Sermayeyi çekmek isteyen avcı ülkeler ise, bu kaynaklara ulaşabilmek adına yüksek getiri sağlayan pazar şartları oluştururlar. Bu ülkelerin literatürdeki tabiri ise gelişmekte olan ülkeler ya da pazarlardır. Aradan sıyrılabilenler, her ne kadar bu olasılık giderek azalsa da, gün gelip patronlar masasına oturabilir. 

Patron ülkeler yani sermayeyi yönetenler, dünya ekonomik sistemi içerisinde para ve değer hareketlerini yönetir. Faiz, kaldıraçlı işlemler, finans mühendisliği vb. gibi çok sayıdaki finansal ve ekonomik aracı kullanırlar. Krizleri, siyaseti, olayları kurgularlar.

Günün sonunda yüksek getiri elde ederler ve kazanan olurlar. Geri kalanları borçlandırırlar, iflas ettirirler. 

Bu çark bu şekilde işler ve döner… 

Karışıklıklar, siyasi tansiyon ve bölgesel ilişkiler: Hepsinin arkasında ekonomik ve finansal amaçlar söz konusudur!

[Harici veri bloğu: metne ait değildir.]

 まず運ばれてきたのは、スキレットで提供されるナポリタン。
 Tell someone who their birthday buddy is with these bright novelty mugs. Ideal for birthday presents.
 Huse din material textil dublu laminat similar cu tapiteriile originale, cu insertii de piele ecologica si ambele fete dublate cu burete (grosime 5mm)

Denklemin izahı için, illa ki teknik ve iktisadi göstergeler üzerinden değerlendirme yapılmasına gerek yoktur. Dünyayı yönetenler kendi şişirdikleri balonları patlatmadan konumlanır, kendileri balonları patlatınca da orada olmadıklarından zarar görmezler! Çoktan 'topuklamışlar'dır. Hemen peşi sıra yeniden bir umut, düşükten alımlar ve yeni bir ‘şişirme’ süreci başlar.

Kafamızı kaldırıp bakalım. AB’nin durumu, Ortadoğu, Kuzey Afrika, Rusya ve Asya…

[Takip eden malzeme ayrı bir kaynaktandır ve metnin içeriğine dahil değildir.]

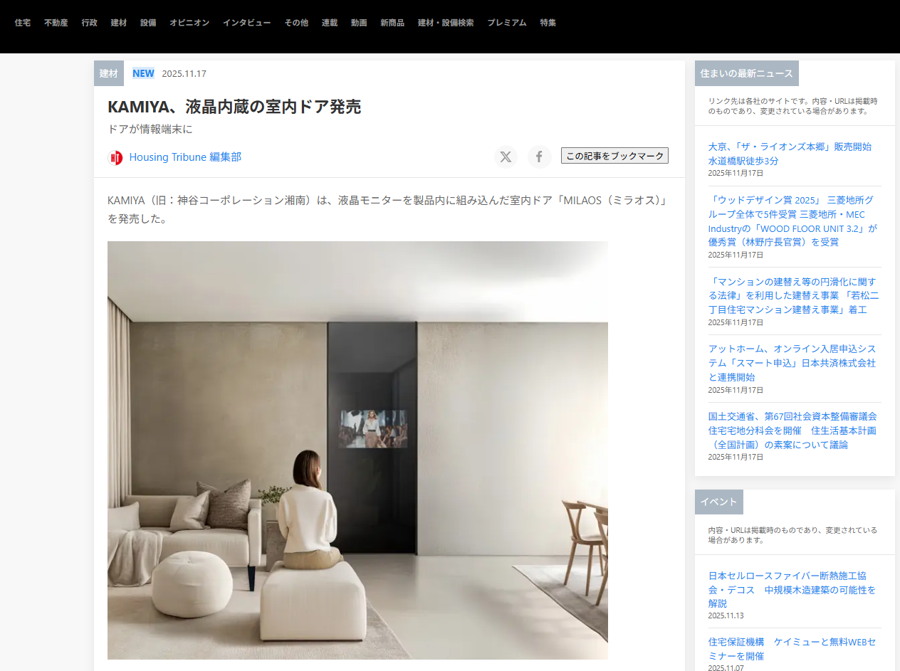 Housing Tribune Online KAMIYA、液晶内蔵の室内ドア発売
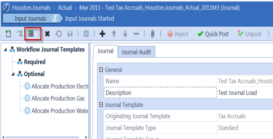 After the template is configured, users can load it directly into OneStream during the Workflow process. While the Journal Input type is selected, click the icon in the Journal toolbar. This lets you select the desired Excel or CSV template and load it into OneStream. After the file is loaded, the journal line items will appear in the journal and the user can save it to the Cube.
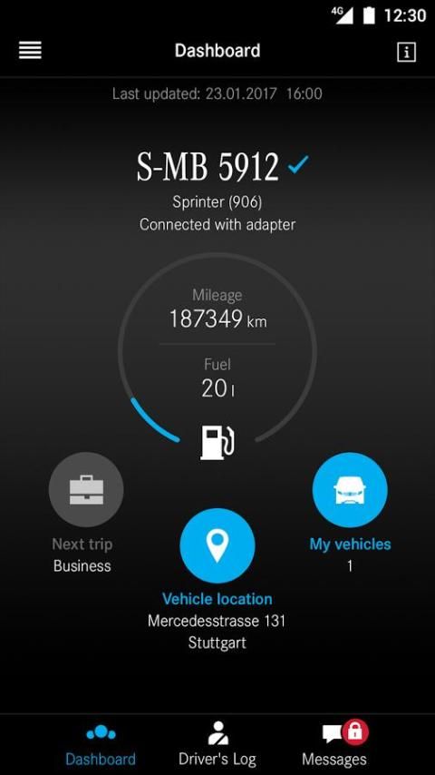 With the Mercedes PRO Adapter app, the driver keeps track of important vehicle information such as fuel level or battery voltage at all times and can access many other functions.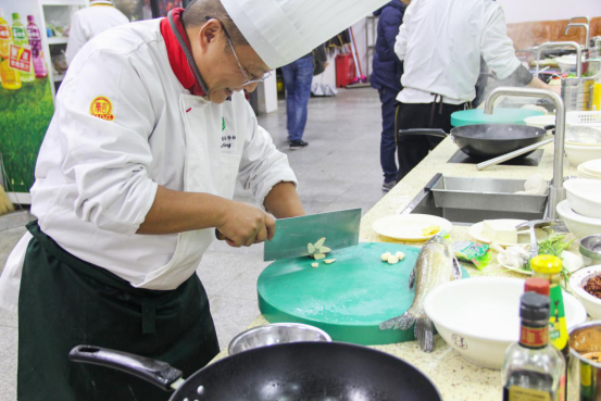 随着烹饪指导罗老师的每一个步骤的详细讲解与亲自示范操作,各位在场的老师都纷纷领悟到了制作酸菜鱼的流程与诀窍。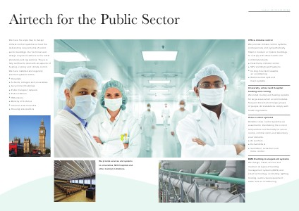 We have the expertise to design climate control systems to meet the demanding requirements of public sector buildings. Our technical and design engineers adhere to the latest standards and regulations. They are fully certified to deal with all aspects of heating, cooling and climate control. We have installed and regularly maintain systems within: l Hospitals l Schools, colleges and universities l Government buildings l Public transport network l Police stations l HM prisons l Ministry of Defence l Libraries and museums l Housing associations

Karışıklık hat safhada! Ne hikmetse tüm bu karışıklıkların fitili ateşleyen ise doğrudan doğruya bölgede yok. Topuklamış! Arkasında yanan kocaman bir ateş bırakarak! 

Bunlar, 2008 yılına kadar kaldıraçlı işlemlerden ciddi getiriler elde ettiler. Magnetar Ticareti kavram olarak literatüre girdi. Krizden nasıl para kazanılabileceğini net olarak gördük. Bu para, kanını emdiği yeri terkederek yüksek getiri elde etmeye devam etmek için dünyanın 'parlayan' pazarlarına gitti...

Şimdi mi?

‘Dünyayı Yönetenler’ bozdukları limanı bu günlerde güvenli hale getiriyorlar…

Karışıklıklara bulaşmamış, faizi artış eğiliminde olan, savaşa girmemiş, 'asker göndermemiş' güvenli limana çağırıyorlar gemileri...

Girişimler bu yönde...

Yani ‘Güvenli Liman’ arayan Dolar için geri dönüş rotası çiziliyor…

Problemleri yok mu? Tabi ki var...

Lakin, ne tür sorunu olursa olsun veya tarihinin en büyük borç yüküyle veya bütçe açığıyla karşı karşıya kasın yada kalmasın...

Elinde ‘yeşil’ bir silah var: Dolar!

Maliyeti ise matbaa gideri! Karşılığı ise herşey!

Anlayacağınız, orta vadede para (Dolar) trafiği oldukça sıkışık!

Ancak bu sefer iş, öncekilerden biraz karışık görünüyor.

‘Çark’a birileri ‘çomak’ sokuyor!

Rakip olarak, yeni bir rezerv para birimi ve ekonomik sistem kurgulanmak isteniyor.

Yani, Çin ve Rusya ikilisi kendi ‘çark’larını işletme derdindeler…

ABD cephesine karşı kendi ‘adamlarını’ sahaya sürüyorlar.

Veya biz öyle zannediyoruz! Belki de, bu sadece bizlere gösterilen bir oyun: ‘Gölge Oyunu’!

Unutmayın! Zamanında Hong Kong, ‘onlara’ ödül olarak verilmişti!

Veya kontra bir soru: Terör örgütü nasıl olur da petrol satıp para kazanabilir?

Tablo basitçe budur…

Şimdi gelin siz cevaplayın: Dolar Ne Olacak?